Freeman applied the "Page 99 Test" to his new book, Garden Apartments: The History of a Low-Rent Utopia, with the following results:
Page 99 of Garden Apartments describes two residential complexes built by the United States government during World War II. During the war, all civilian housing production was suspended, except for projects for war workers. For some of these, the government hired inventive, modernist architects, who during the postwar years would become architectural stars. Discussed on this page are Aluminum City Terrace, in New Kensington, Pennsylvania, designed by Walter Gropius and Marcel Breuer, for workers at a nearby aluminum plant (with a photograph of it), and the Centerline Defense Housing Project, outside of Detroit, designed by Eliel and Eero Saarinen and their partner Robert Swanson, for workers at a nearby tank plant and naval armory (with photographs on the next page).

Page 99 does, and does not, give a good sense of this book as a whole. It examines what were in effect exceptions that illuminate the norm. Garden Apartments traces the origins of the two- and three-story apartment complexes, set on large landscaped sites, that are common across the United States, to early twentieth-century efforts to provide affordable housing to European workers and their families. In shows how, when brought to the United States during the 1920s and 1930s, such residential complexes generally were stripped of their most radical and innovative social and design features. During World War II, however, there was a moment when a convergence of progressive New Deal officials, left-leaning labor unions, and modernist architects led to a short burst of construction of brilliantly-designed, affordable, pathbreaking projects for ordinary working people, like the two described on page 99. The moment was short-lived. When, after the war, garden apartment construction resumed, with government assistance, on a mass scale, much more conventional, even banal, designs became near-universal. Garden Apartments recounts how these buildings nonetheless served their residents well. Many still do (as do the page 99 projects). Page 99 thus suggests mostly unrealized possibilities for a form of housing which, even when dumbed-down, represented a significant social achievement.

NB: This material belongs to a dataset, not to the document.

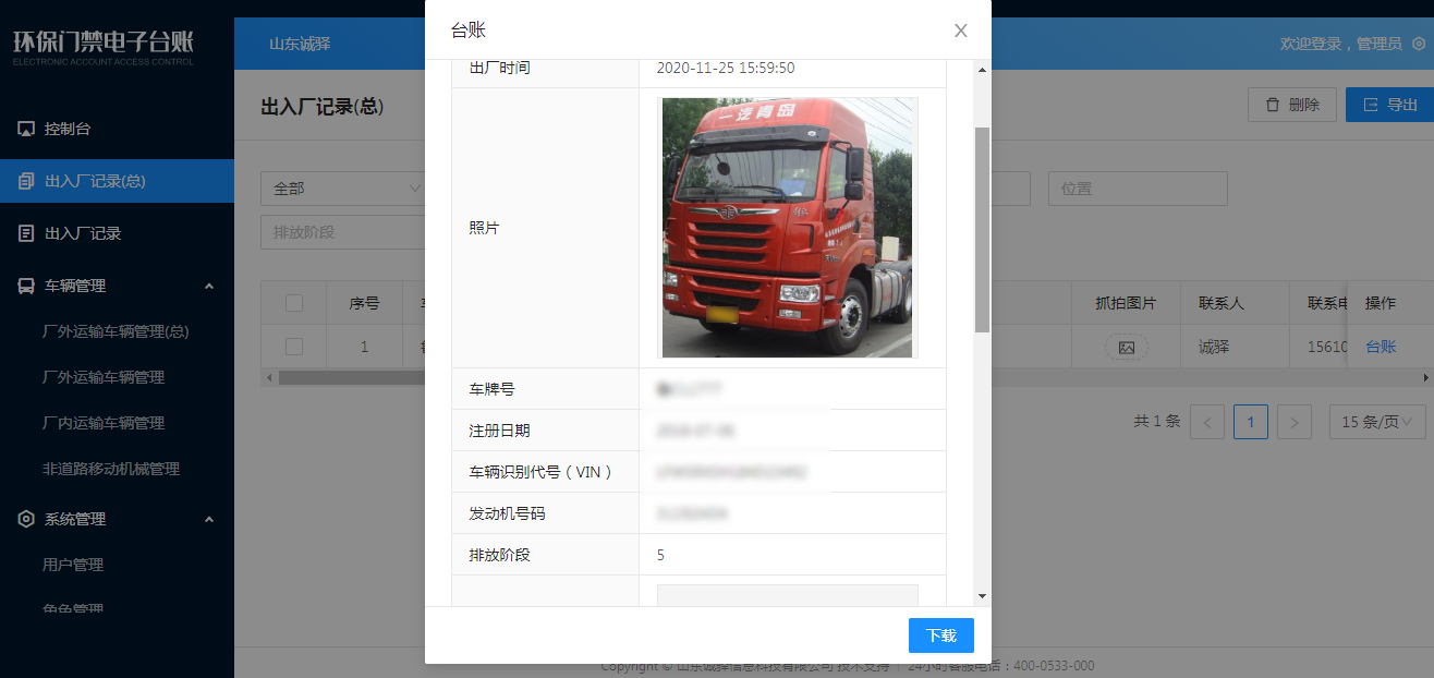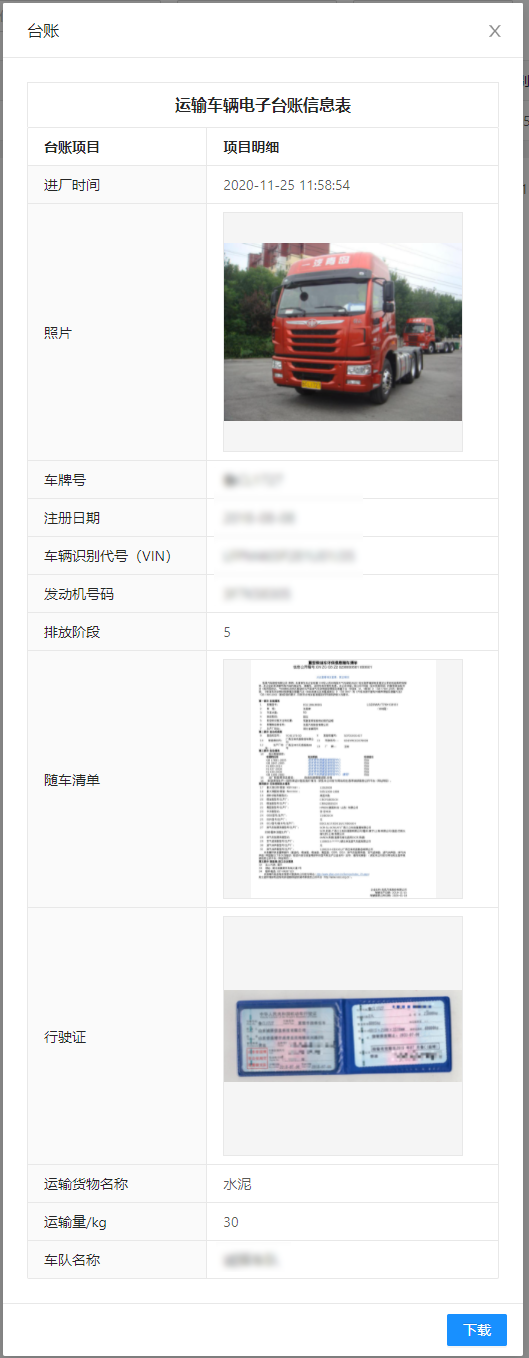 自动储存车辆照片(车牌号)、环保信息清单,行驶证,建立车辆台账,一车一档。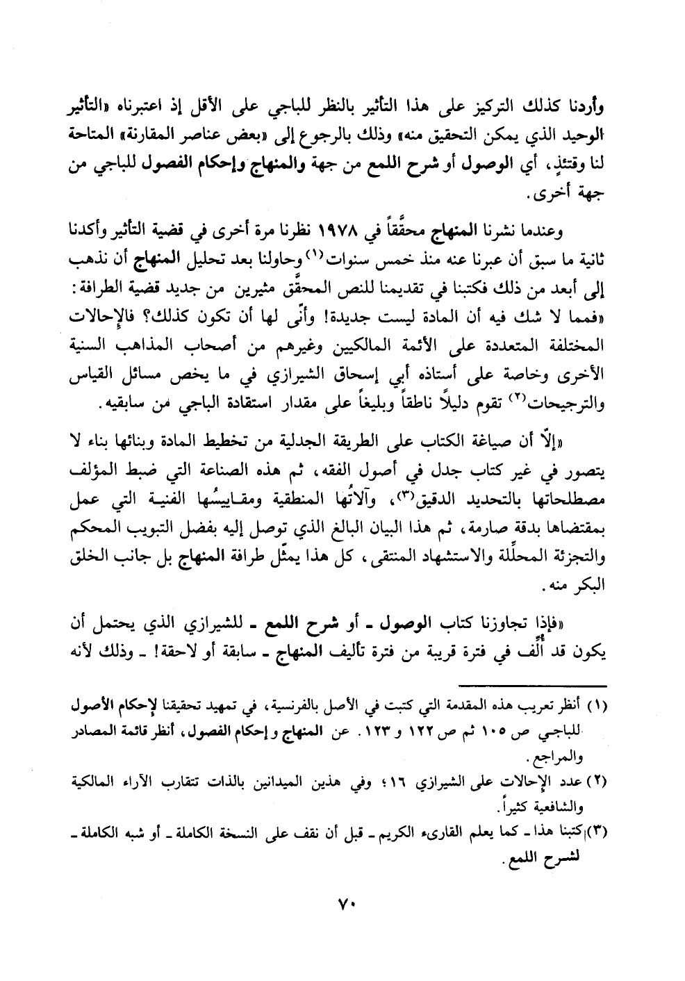 للباجي ص 5. 1 ثم ص 122 و 123. عن المنهاج و (حكام الفصول، أنظر قائمة المصادر

Garden Apartments: The History of a Low-Rent Utopia is the first history of a widespread form of housing almost completely ignored by scholars and policymakers. It is simultaneously a political, architectural, and social history, with the text complimented by extensive illustrations. Written at a time of an intense crisis of housing affordability, it argues that we might learn something about how to address it by looking at our past.